Okay, great. Thank you.
Our next question comes from the line of Steve Wardell with Chardan Capital Markets. Your line is open.
Hey, guys. I was wondering if you
can talk about what you're hearing from buyers. It's early in the selling season. We'd love to hear about trends from the different categories of buyers, large employers, small, medium employers, carriers, others?
What we're hearing from them in terms of demand, in terms of products? Give me a little bit more guidance so I can answer your question directly.
Sure. Do you think that demand this year is as strong or more strong or less strong than this time in prior years? And are you seeing demand for multiple products in your category? And are you seeing a commitment toward educating their end users about the product?
Yes. So I would say demand is consistent with previous with last year at the large end of the market, meaning at the employer large employer health plan sector.
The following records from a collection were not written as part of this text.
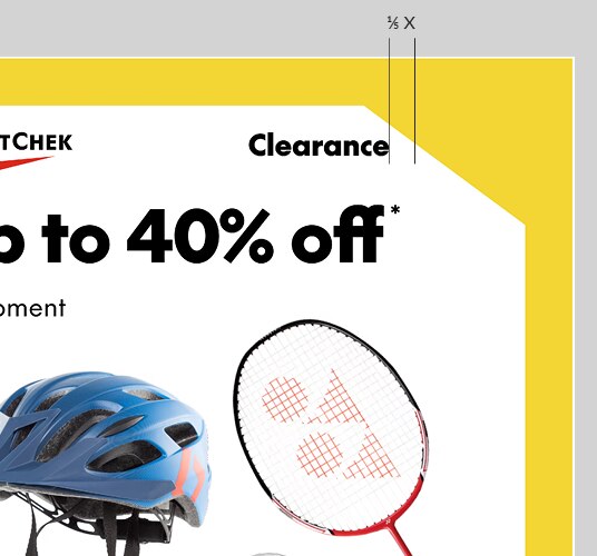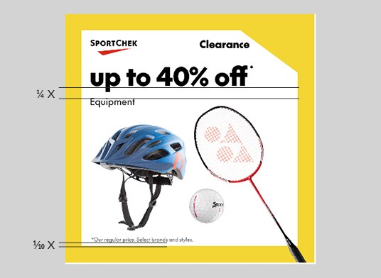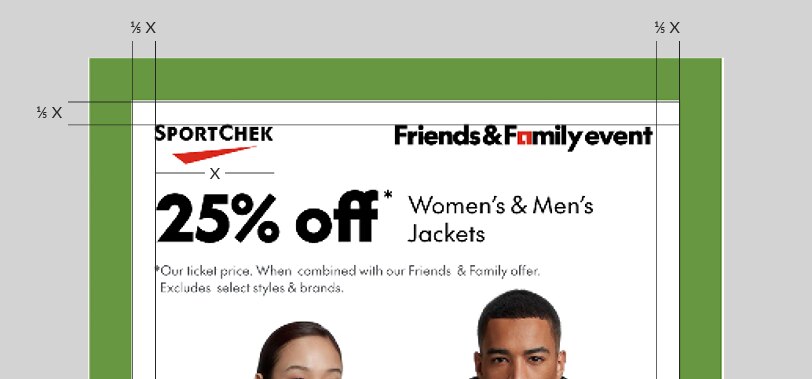 In Clearance layouts, lockups and text should maintain the 1/5-Brandmark-width distance from the point of contact with the cutout
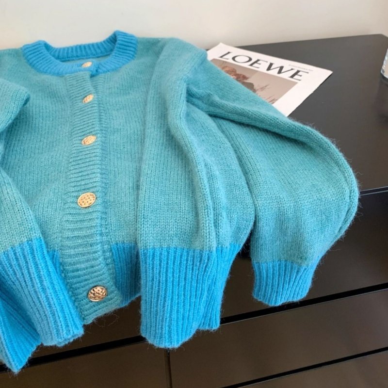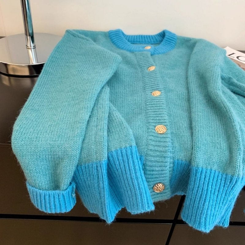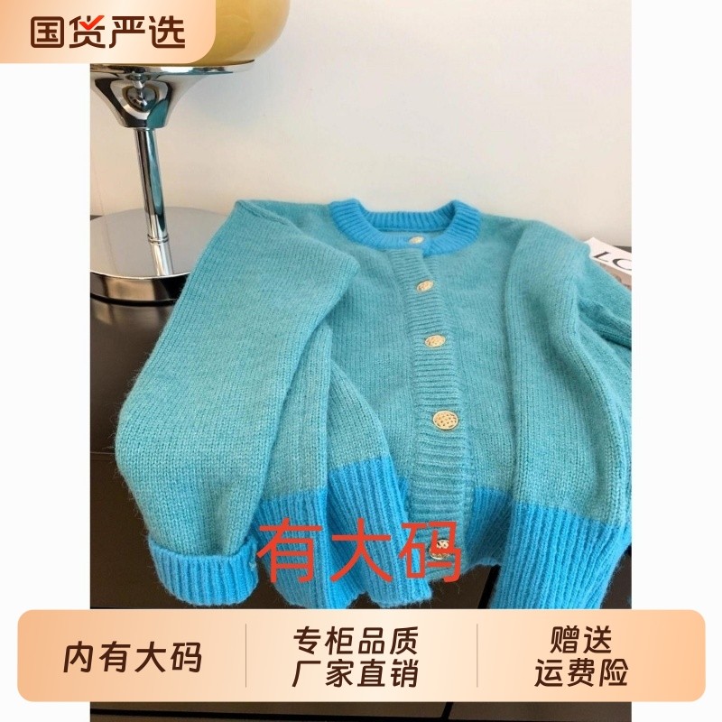 慵懒撞色软糯毛衣女秋冬新款甜美减龄大码内搭针织上衣
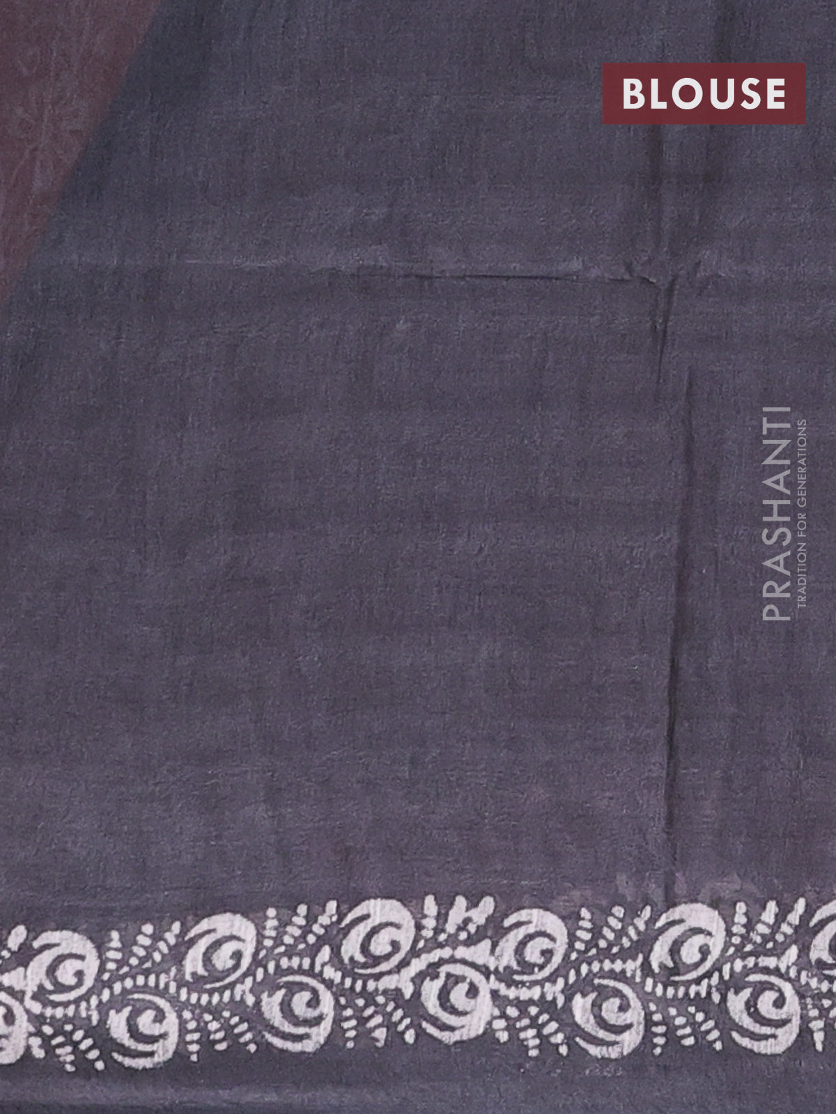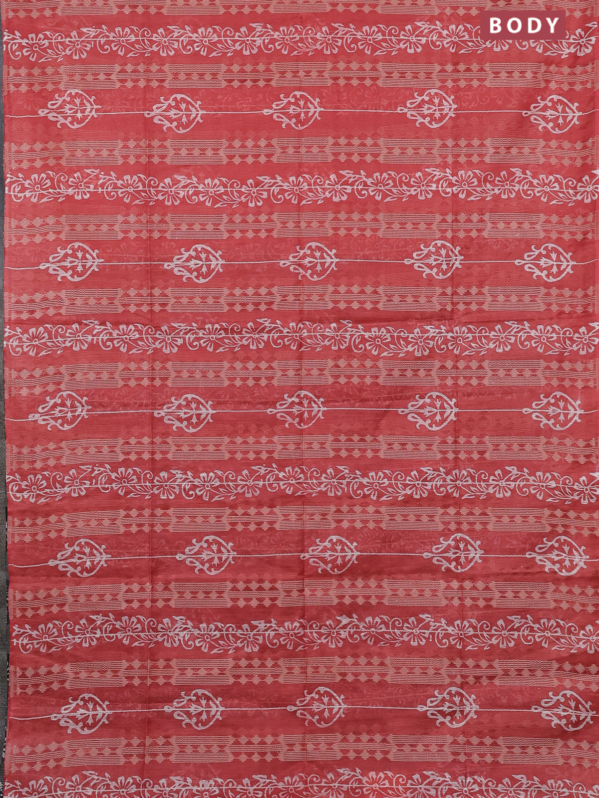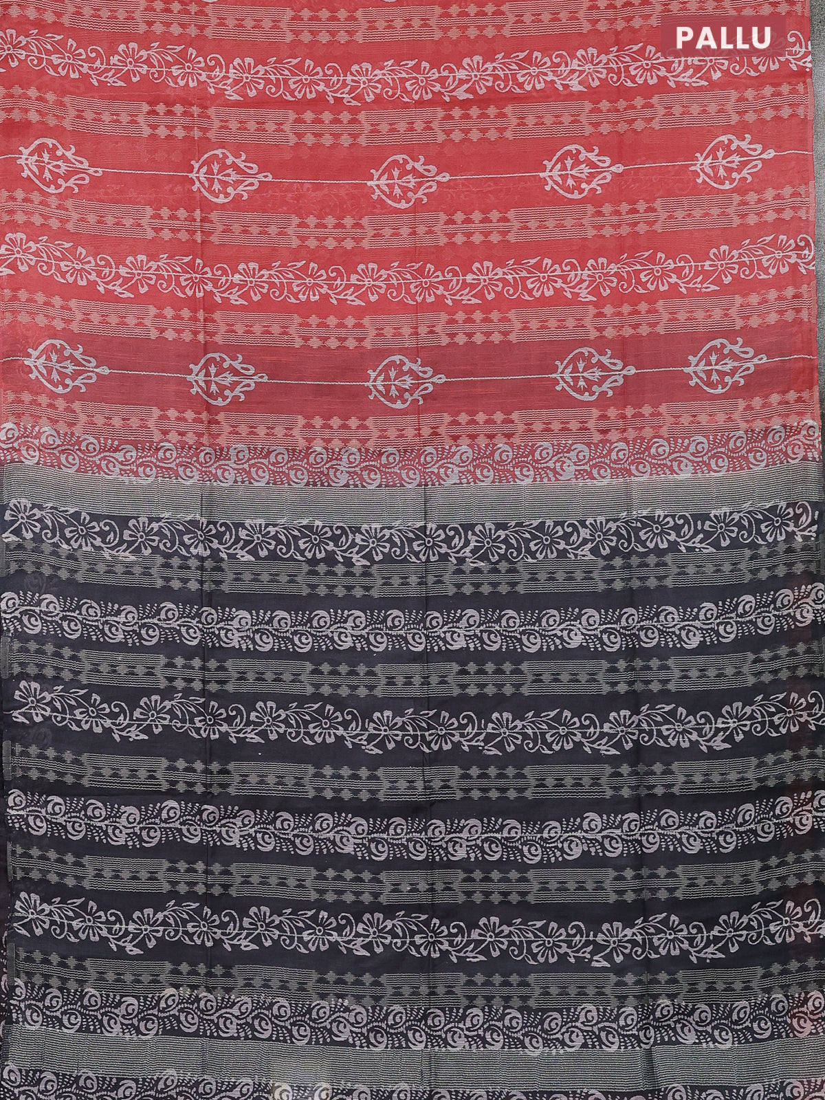 Semi bamboo saree peach orange and elephant grey with allover thread weaves & prints in borderless style
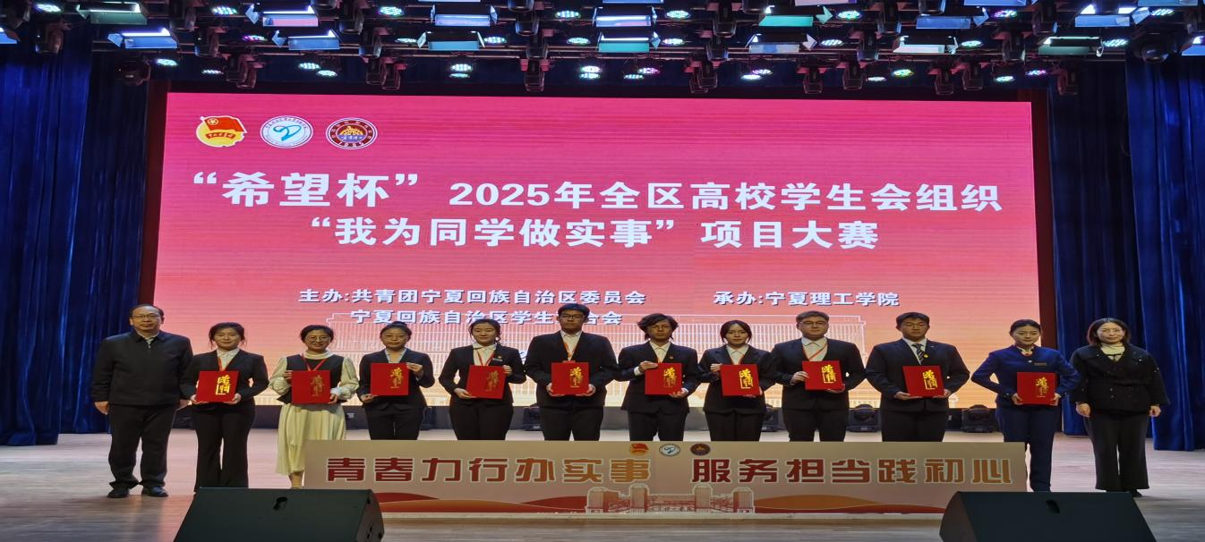 11月28日,由共青團(tuán)寧夏回族自治區(qū)委員會、寧夏回族自治區(qū)學(xué)生聯(lián)合會主辦,寧夏理工學(xué)院承辦的“希望杯”2025年全區(qū)高校學(xué)生會組織“我為同學(xué)做實事”項目大賽圓滿落幕。石嘴山工貿(mào)職業(yè)技術(shù)學(xué)院團(tuán)委精心組織、擇優(yōu)推選,三支參加決賽的項目憑借扎實的服務(wù)成效、創(chuàng)新的實施思路,在全區(qū)20所高校58個參賽項目中脫穎而出,斬獲多項榮譽(yù)。
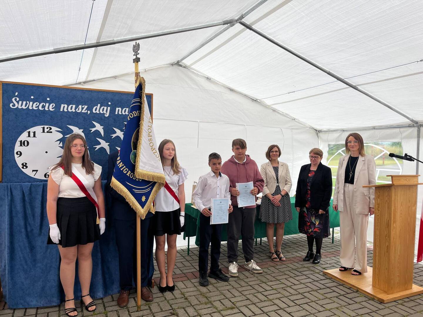 Głos zabrali także Zastępca Burmistrza Sławomir Maciaszek oraz Przewodnicząca Rady Rodziców Pani Renata Stachowiak, którzy złożyli uczniom gratulacje oraz życzenia bezpiecznych i udanych wakacji.

We're starting quite frankly to see some employers to come coming sorry some health plans especially coming to us who may have selected a lower priced alternative before and are realizing that they're not getting the value out of it and are revisiting their choice. So that's different this year than it was last year at this time. And then the small end of the market is picking up substantially.
That's been a market segment that's been later to develop and so demand is higher now than it was at this time last year. And then the last part of your question, we're definitely seeing more interest in a broader array of services from us. I think the consultants are getting smarter among the large employer benefit consultants about the opportunity for us to impact a wider array of consumers and that they can get sort of an all in one solution. So I think that there is a lot of interest there that wasn't there last year, particularly with respect to the behavioral market.
Great. Thank you.
And our next question comes from the line of Matt Hewitt with Craig Hallum Capital. Your line is now open.
Good afternoon, gentlemen. Most of my questions have been answered. Just one, I guess this is maybe a little bit forward thinking, but with the relationship with Kinsa, are you seeing or is there opportunities to expand into more of the remote monitoring market where you could either partnership or provide your own technology and kind of expand your opportunity there? Thank you.
Sure, Matt.
So we look at the remote monitoring space quite a bit. I would say our first step into that is not exactly remote monitoring, but we did a partnership with CareCentrix around the home care space where a home care nurse can bring one of our physicians into the home virtually to help assess a patient. We did Kinsa specifically because it's highly practical, very useful for the consumer, will drive engagement which is a clear goal of ours. And it's an affordable, approachable technology for the head of household who's really frequently making the decision which is the female head of household. So that was that has proven to be a very attractive partnership.
Remote monitoring gets to the next level of clinical integration. And so we're starting to talk to some hospital systems primarily about what they're doing and how we could be helpful to them. But it's not I wouldn't call it immediate on our product roadmap. So it's a little further out relative to the next, let's say, 9 to 12 months.
Very good. Thank you.
Thanks, Matt.
And there are no further questions.
Thank you for participating in today's call. We look forward to updating you on our progress in May. And as always, you can reach out to Jisoo Se with any follow-up questions.